* What you have to do
Set down every line from the one containing "El próximo jueves" through the last line of the records below, exactly as written, and leave out the pictures.

* Task data
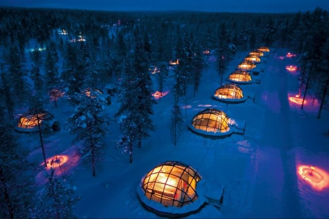 Гости финского отеля Kakslauttanen могут любоваться северным сиянием и снегопадом, прямо лежа на кроватях своих номеров, выполненных в виде стеклянных иглу. Странные светящиеся полусферы издалека можно принять за поселение инопланетян. В отельном комплексе находится самый большой в мире ресторан из снега, финская сауна и 8-миметровый стеклянный вигвам для конференций.
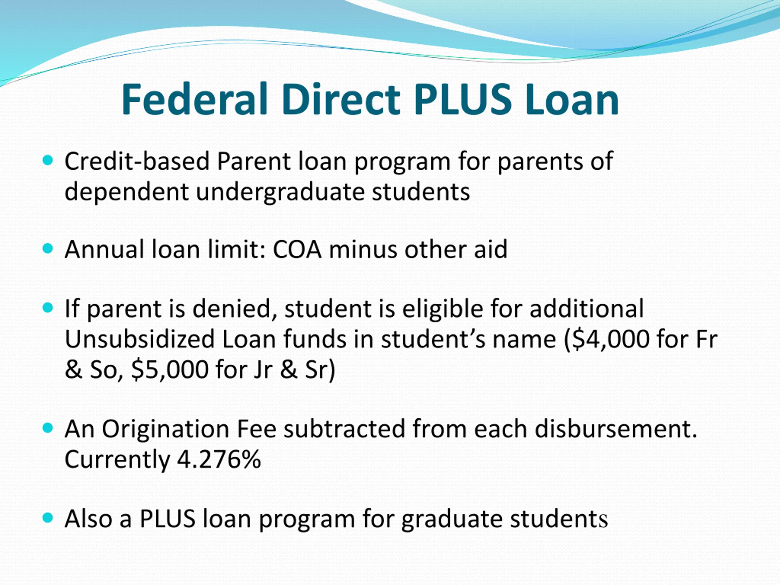 Federal Direct PLUS Loan Credit-based Parent loan program for parents of dependent undergraduate students Annual loan limit: COA minus other aid If parent is denied, student is eligible for additional Unsubsidized Loan funds in student s name ($4,000 for Fr & So, $5,000 for Jr & Sr) An Origination Fee subtracted from each disbursement. Currently 4.276% Also a PLUS loan program for graduate students
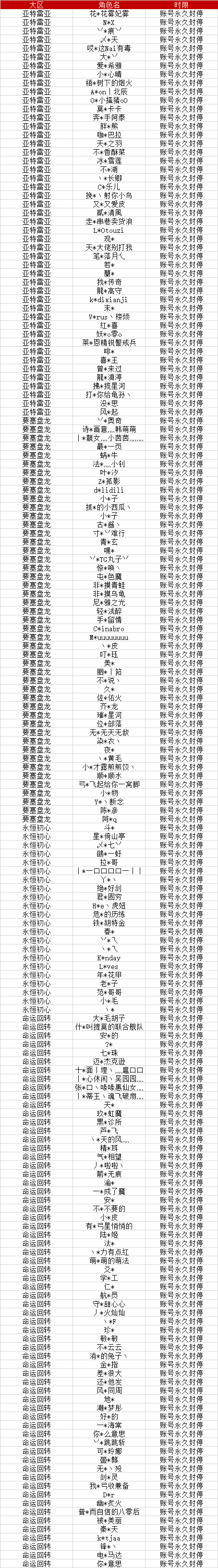 经GPK保障扫描后,今日我们对以下180个违规的账号实施了封停。在此我们严正申明,对仍抱有侥幸心理妄图使用不正确手段而影响到游戏公平环境的行为,《永恒之塔》GPK保障将会以实际行动证明她的决心!
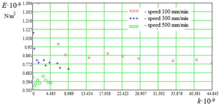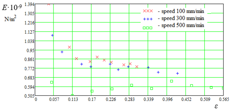 According to formula (15), we obtain the following values of longitudinal modulus of elasticity: E100 = 0.8 GPa; E300 = 0.72 GPa and E500 = 0.65 GPa.
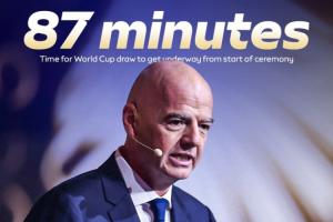 世界杯抽簽儀式于今晨舉行,據(jù)天空體育統(tǒng)計(jì),本次抽簽儀式從開始到抽出第一支球隊(duì)共耗時(shí)87分鐘,幾乎和一場足球比賽時(shí)間一樣長。
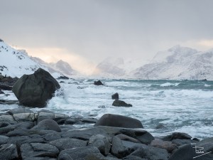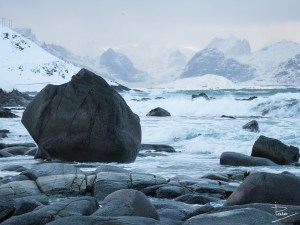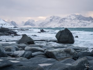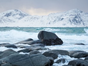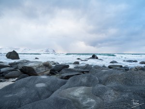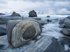 Som nämnts i tidigare inlägg så var besöken på stränderna i Lofoten både många och ibland också långa. Vikten var nog min personliga favorit, och anledningen till det är att där förutom det otroligt turkosfärgade vattnet och det imponerande fjället i bakgrunden fanns många och stora stenar resp stenblock. Stenar har jag alltid tyckt om även innan jag började fotografera och har i många år samlat på mig dem från de ställen jag besökt som souvenir.
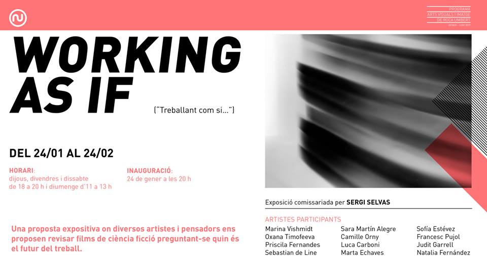 El próximo jueves 7 de febrero daré la conferencia “La era del postrabajo: la excepcionalidad como dispositivo de gobierno”, en el marco de la exposición comisariada por Sergi Selvas, “Working as if”, en Espai d’Arts Roca Umbert de Granollers. Se trata de una propuesta expositiva donde diversos artistas y pensadores proponen revisar películas de ciencia ficción preguntándose por el futuro del trabajo.
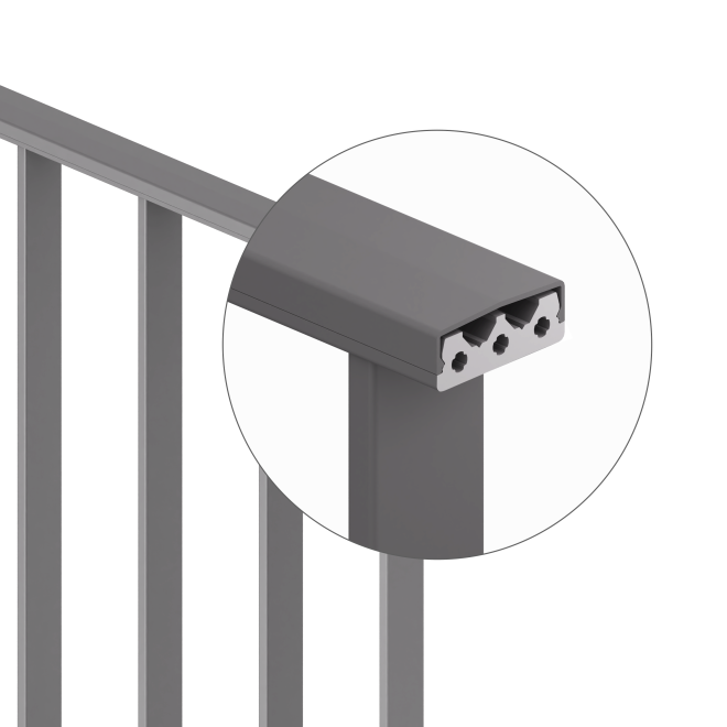 - umplutura balustradei este formată din balustri din aluminiu de 10 x 40 mm
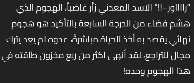 “رااااور–!!” الاسد المعدني زأر غاضباً، الهجوم الذي هشم فضاء من الدرجة السابعة بالتأكيد هو هجوم نهائي يقصد به أخذ الحياة مباشرةً، عدوهِ لم يعد يترك مجال للتراجع، لقد أنهى اكثر من ربع مخزون طاقته في هذا الهجوم وحده!
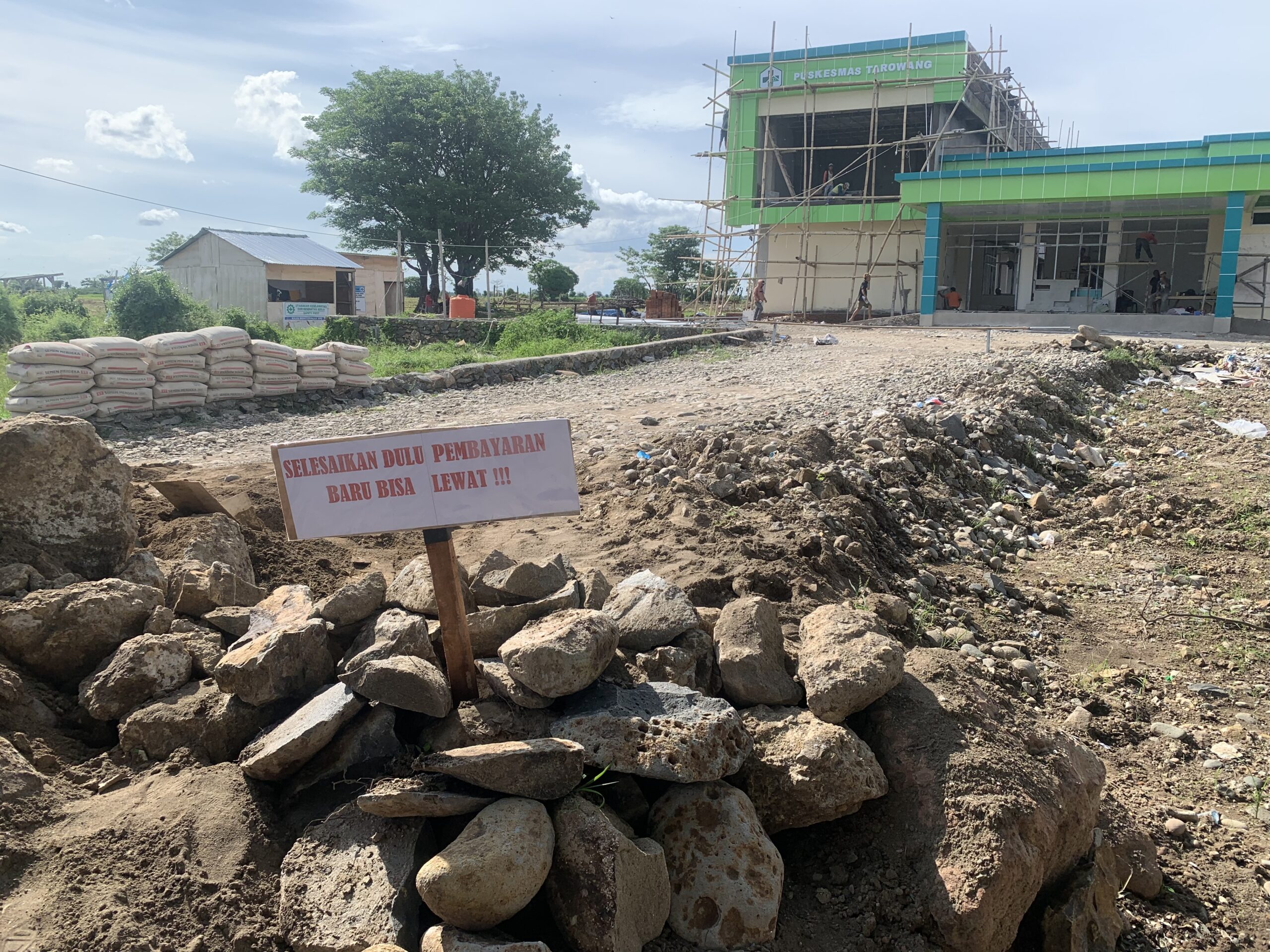 “Sebelumnya kami menyimpan material didalam lokasi halaman proyek sendiri, namun beberapa hari ini terkendala, dikarenakan akses jalan masuk lokasi proyek ditutup oleh pemilik lahan, melarang pekerja melewatinya (tanah sengketa).” jelas pengawas proyek puskesmas tarowang, Kamis (26/12/2024).

* Output for this task
 El próximo jueves 7 de febrero daré la conferencia “La era del postrabajo: la excepcionalidad como dispositivo de gobierno”, en el marco de la exposición comisariada por Sergi Selvas, “Working as if”, en Espai d’Arts Roca Umbert de Granollers. Se trata de una propuesta expositiva donde diversos artistas y pensadores proponen revisar películas de ciencia ficción preguntándose por el futuro del trabajo.
 - umplutura balustradei este formată din balustri din aluminiu de 10 x 40 mm
 “رااااور–!!” الاسد المعدني زأر غاضباً، الهجوم الذي هشم فضاء من الدرجة السابعة بالتأكيد هو هجوم نهائي يقصد به أخذ الحياة مباشرةً، عدوهِ لم يعد يترك مجال للتراجع، لقد أنهى اكثر من ربع مخزون طاقته في هذا الهجوم وحده!
 “Sebelumnya kami menyimpan material didalam lokasi halaman proyek sendiri, namun beberapa hari ini terkendala, dikarenakan akses jalan masuk lokasi proyek ditutup oleh pemilik lahan, melarang pekerja melewatinya (tanah sengketa).” jelas pengawas proyek puskesmas tarowang, Kamis (26/12/2024).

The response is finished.